## Record excerpts
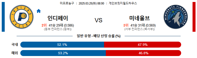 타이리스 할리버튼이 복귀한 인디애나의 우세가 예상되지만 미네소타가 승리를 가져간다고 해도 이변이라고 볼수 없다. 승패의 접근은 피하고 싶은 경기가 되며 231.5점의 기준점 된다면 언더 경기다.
* * *
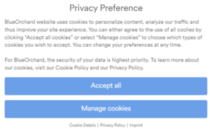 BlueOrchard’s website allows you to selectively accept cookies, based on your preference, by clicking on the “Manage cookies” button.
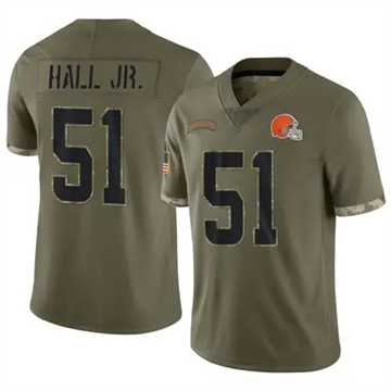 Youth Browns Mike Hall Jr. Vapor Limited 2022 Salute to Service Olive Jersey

## Work task
With the pictures omitted, print the lines above exactly, beginning at the line with "BlueOrchard’s website allows" and going on through the line with "Youth Browns Mike".

## Answer
 BlueOrchard’s website allows you to selectively accept cookies, based on your preference, by clicking on the “Manage cookies” button.
 Youth Browns Mike Hall Jr. Vapor Limited 2022 Salute to Service Olive Jersey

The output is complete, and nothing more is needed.